Geochemical Exploration
To further constrain the deposit and the areas of alteration around a possible pegmatitic orebody, a geochemical sampling program would be necessary to develop deposits of this like. The general characteristics of lithium and its common hardrock mineral parent spodumene (and within the LiO2, lithia, that is benefacted for market sale) are such that the detection of lithium elementally as a means of gaining insight into a deposit is almost impossible.
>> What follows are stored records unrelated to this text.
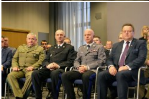
Podsumowanie dwóch lat pracy MSWiA #1
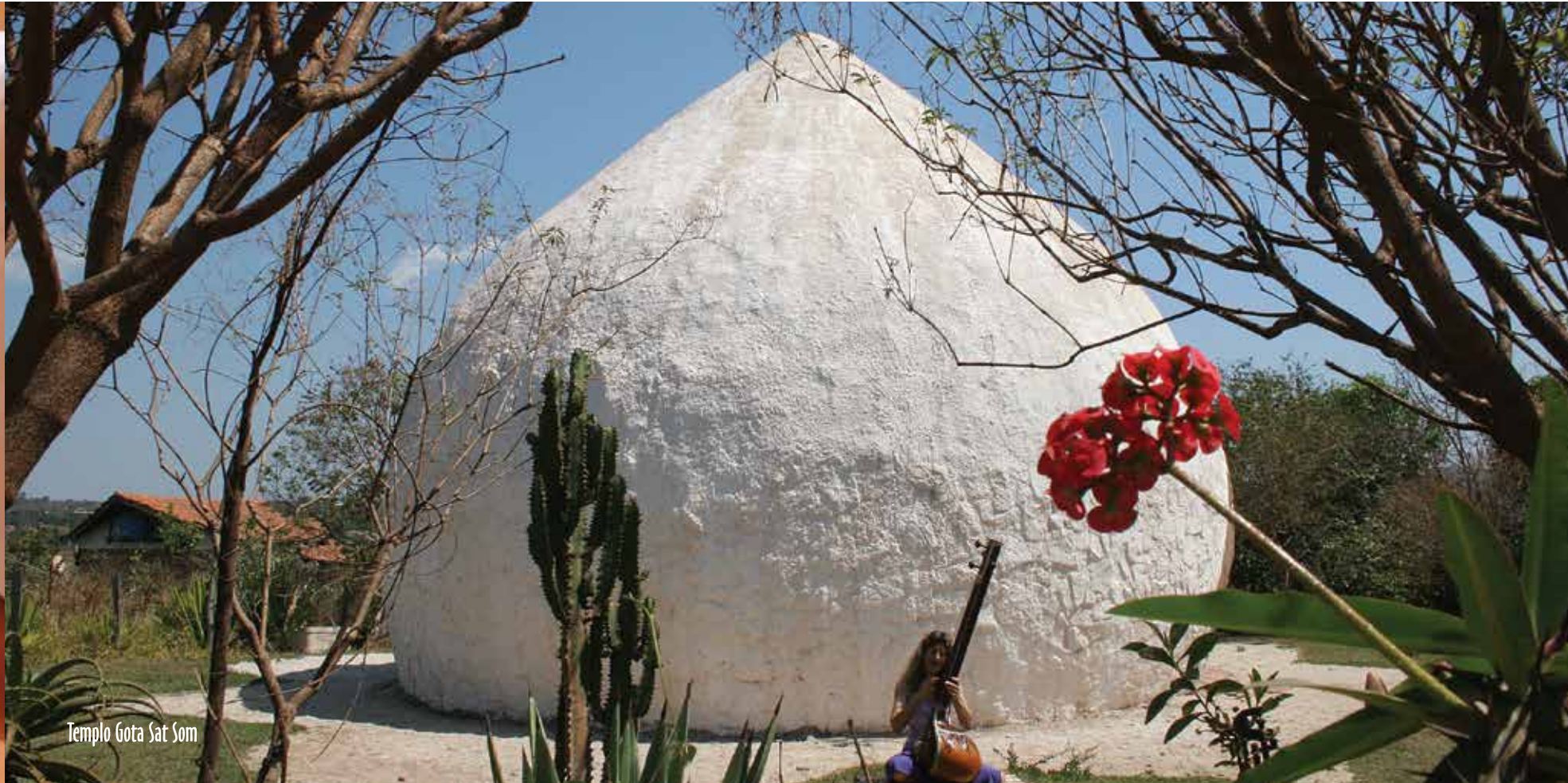
Templo Gota Sat Som
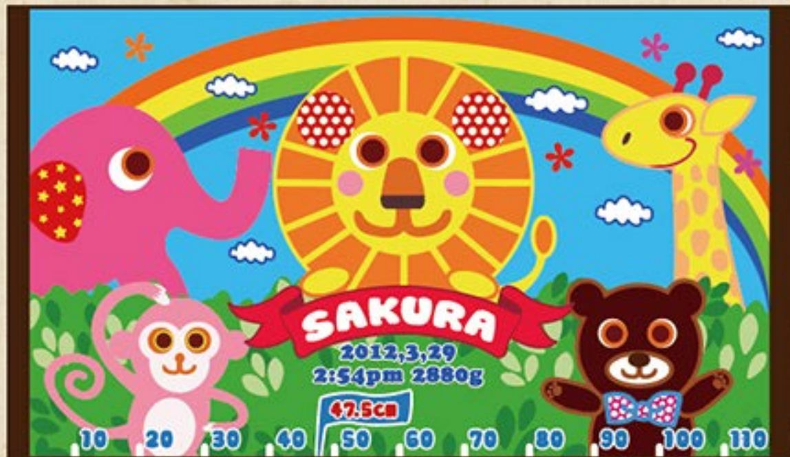
アニマルワールド

人気の動物を集めたシリーズです。 出産の記念から、幼稚園・保育園まで お気に入りにしてお使いいただけるデザインです。
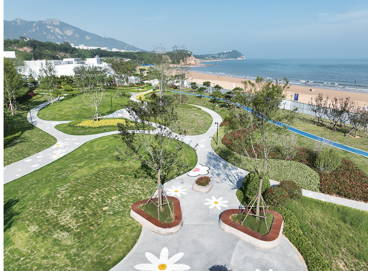
崂山区黄金海岸口袋公园。
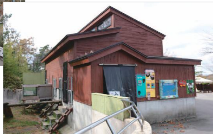
動物園内は10haを超える広さのため、毎年、塗装業組合と動物園が協議し、塗り替え対象のエリアを決めていくやり方。写真は、レッサーパンダの飼育小屋
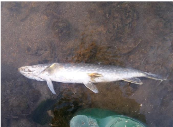
Снимка 9. Отровена щука край с. Огняново
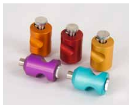
IGT 固定容量インキピペット
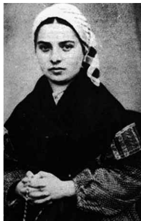
Santa Bernadette Soubirous

Il nostro ufficio pellegrinaggi per l'anno 2009 ha organizzato diversi pellegrinaggi nel Santuario di Lourdes in aereo, in treno e in nave, per attingere alle sorgenti di quella gioia che abbiamo ricevuto durante il 150esimo anniversario delle apparizioni.
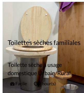
Toilettes sèches familiales

Toilette sèche à usage domestique U/bain/Rural,
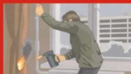
Отогревание замерзших труб паяльными лампами и факелами
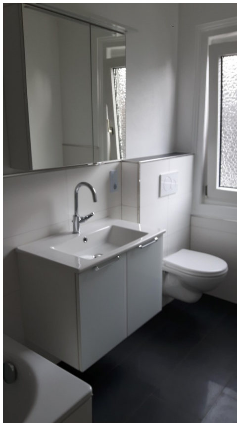
Bad Haus 2 B1
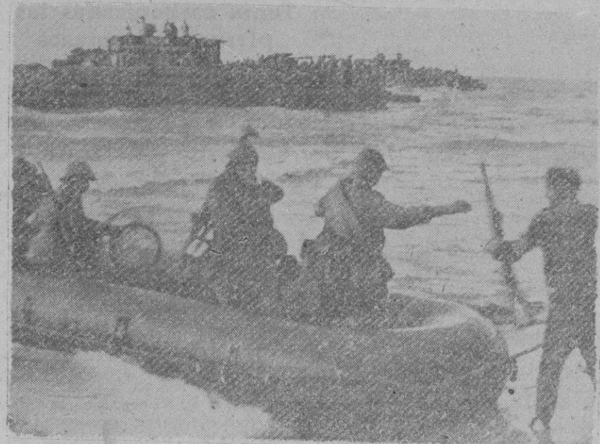
Después de muy duros combates, fué conquistada por las tropas alemanas y rumanas la península de Taman. La fotografía muestra tropas rumanas en el momento de acercarse a tierra con sus botes neumáticos.

Comunicado alemán Berlín, 25 (2 t.).—Comunicado del alto mando de las fuerzas armadas alemanas: En la región del Cáucaso las tropas alemanas y aliadas han efectuado nuevos avances después de ocupar posiciones enemigas encarnizadamente defendidas y de rechazados contraataques. En la lucha contra los objetivos navales de la costa caucásica, nuestra aviación ha averiado gravemente a dos barcos mercantes que fueron alcanzados de lleno por las bombas. En la zona de Stalingrado nuestras fuerzas han conquistado nuevas bases fortificadas tras una tenaz lucha en las casas.
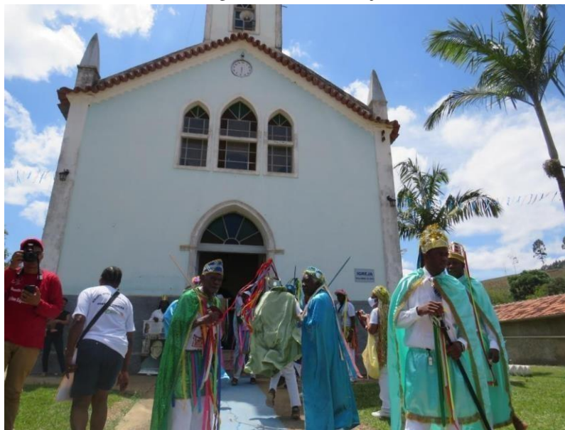
Figura 11 – Igreja de Nossa Senhora das Dores (Airões) e o grupo de congado no dia do festejo
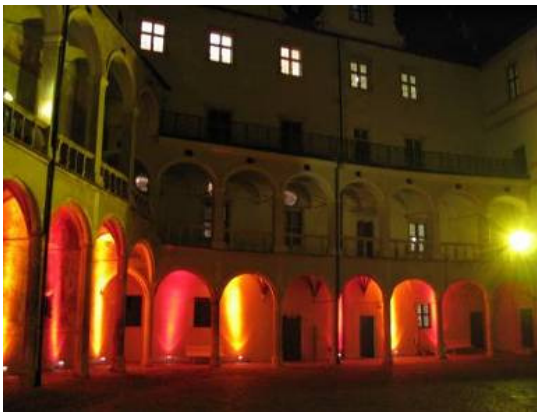
Abb. 11: Das Neuburger Schloss in Lichteffekten anlässlich der Museumsnacht
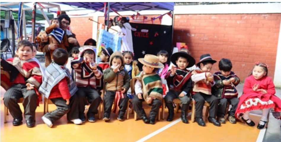
Pequeños huasitos y chinitas disfrutando de alimentos típicos.
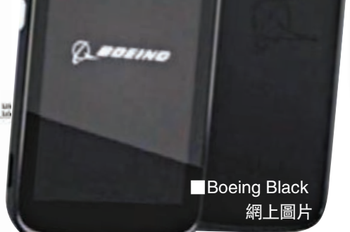
Boeing Black 網上圖片

波音日前向美國聯邦通訊委員會提交文件，標榜新機是美國製造，採用雙卡設計，搭載加密版本的Android系統，長13.2厘米、闊6.9厘米，略大過蘋果iPhone，可支援HDMI電視輸出。
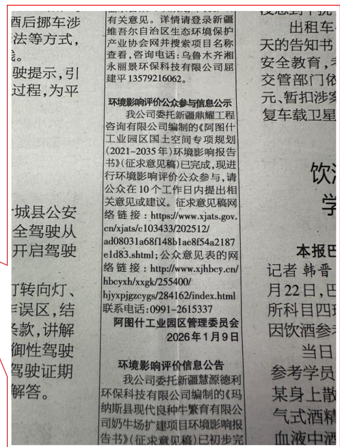
图 3-3(2) 2026 年 1 月 9 日报纸公示内容
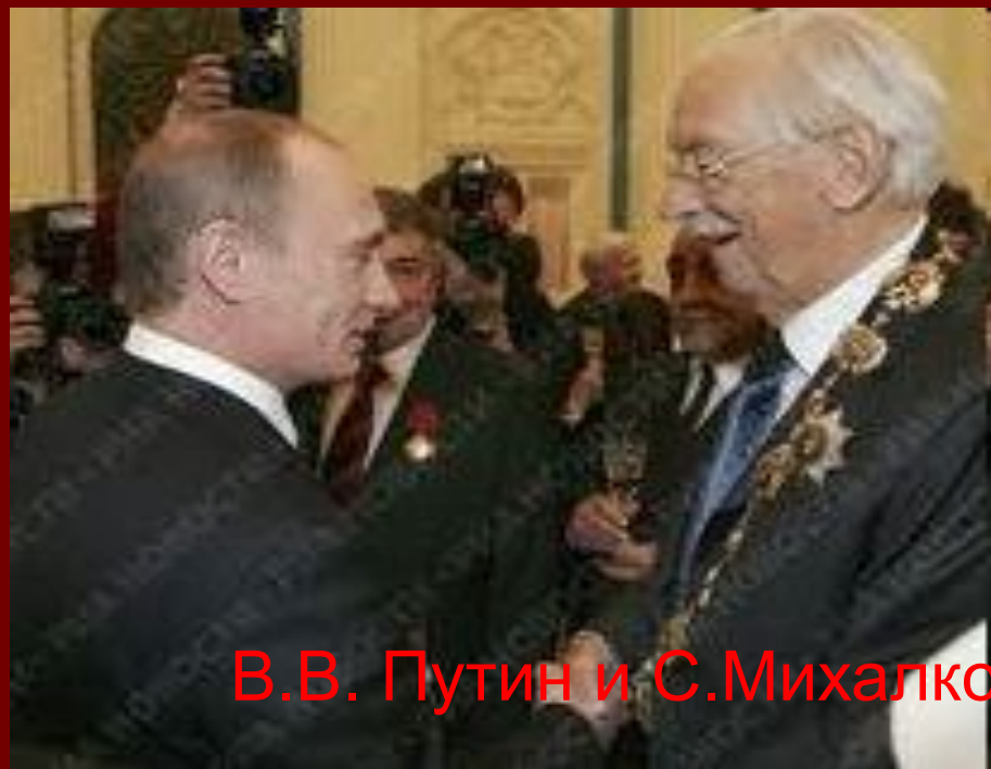
В.В. Путин и С.Михалков

Главное - чтобы гимн мог спеть любой живущий в нашей стране человек.
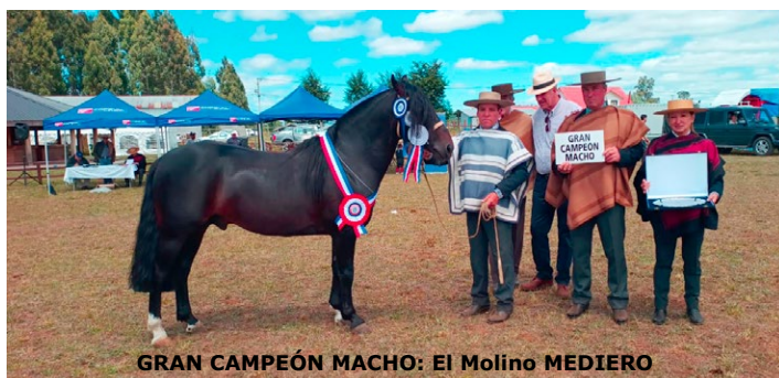
GRAN CAMPEÓN MACHO: El Molino MEDIERO
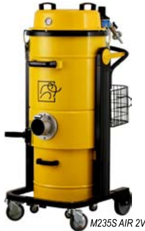
M235S AIR 2V

Cet aspirateur air comprimé est caractérisé comme un modèle compact, fonctionnel et polyvalent, idéal pour la récolte simultanée de poussières et liquides. Disponible avec une ou deux unités Venturi, cet aspirateur air comprimé Mastervac assure d'excellente performance en utilisation continue 24/24. L'absence de composants électriques le rend particulièrement adapté à l'industrie du transport maritime et à bord des navires.

However, one way that a geochemistry program could be implemented is by looking at the associated light rare earth minerals such as cesium and tantalum that sometimes occur with pegmatitic lithium deposits (LCTs). To do this, a simple, yet cost efficient method would be surface sampling both of the hanging wall and footwall areas adjacent to a pegmatite of interest. The area to be sampled could be catered to fit the strike and dip of the prevailing pegmatite arm/dyke and would need to capture a certain correspondent area of data for further analysis via inductively couple mass spectrometry (ICMS) (Aylmore, 2018). This methodology has been proven both inexpensive (relative to other well known geochemical testing methods) and easily completed by mineral exploration professionals and geochemists in Western Australia’s pegmatite fields to determine major elements (Ca, Fe, K, Al, Mg, Mn, P, S, Si, Ti, and Ba), and then analytically reworking the results to derive possible lithia content within a sample of spodumene or lepidolite, etc. (Aylmore, 2018). While the overall benefit of this geochemical exploration program would be minimal in progressing a potential orebody to economically viable status, it would further enable geologists and geochemists (in conjunction with metallurgical insight from professionals of that field) to determine the ‘mine-ability’ of such a prospect. This information would indeed be a valuable insight for any potential developer of such a pegmatite.
Sources Cited:
Aylmore, M. (2018). Assessment of Lithium Pegmatite Ore Bodies to Determine Their Amenability to Processing for the Extraction of Lithium. Extraction.
Bradley, D., & McCauley, A. (2013). A Preliminary Deposit Model for Lithium-Cesium-Tantalum (LCT) Pegmatities. Washington: USGS.
Johnson, A. (1979). Pegmatite Deposits In The Black Hills Of South Dakota. Littleton: SME.
Munson, G., & Clarke, F. (1955). Mining and Concentrating Spodumene in the Black Hills of South Dakota. Littleton: SME.
Olympus Corporation. (2020). Olympus Portable X-ray Fluorescence (pXRF) and X-ray Diffraction (pXRD) for Lithium Exploration in Lithium-Caesium-Tantalum (LCT) Pegmatite Deposits. Tokyo.
Trueman, D., & Cerny, P. (1982). Exploration for Rare – Element Granitic Pegmatites. Mineralogical Association of Canada, 463-494.
Yongbao, G., Leon, B., Kan, L., Moushun, J., Yuegao, L., & Jiaxin, T. (2020, December 10). Newly Discovered Triassic Lithium Deposits in the Dahongliutan Area, NorthWest China: A Case Study for the Detection of Lithium-Bearing Pegmatite Deposits in Rugged Terrains Using Remote-Sensing Data and Images. Frontiers in Earth Science, Vol. VIII.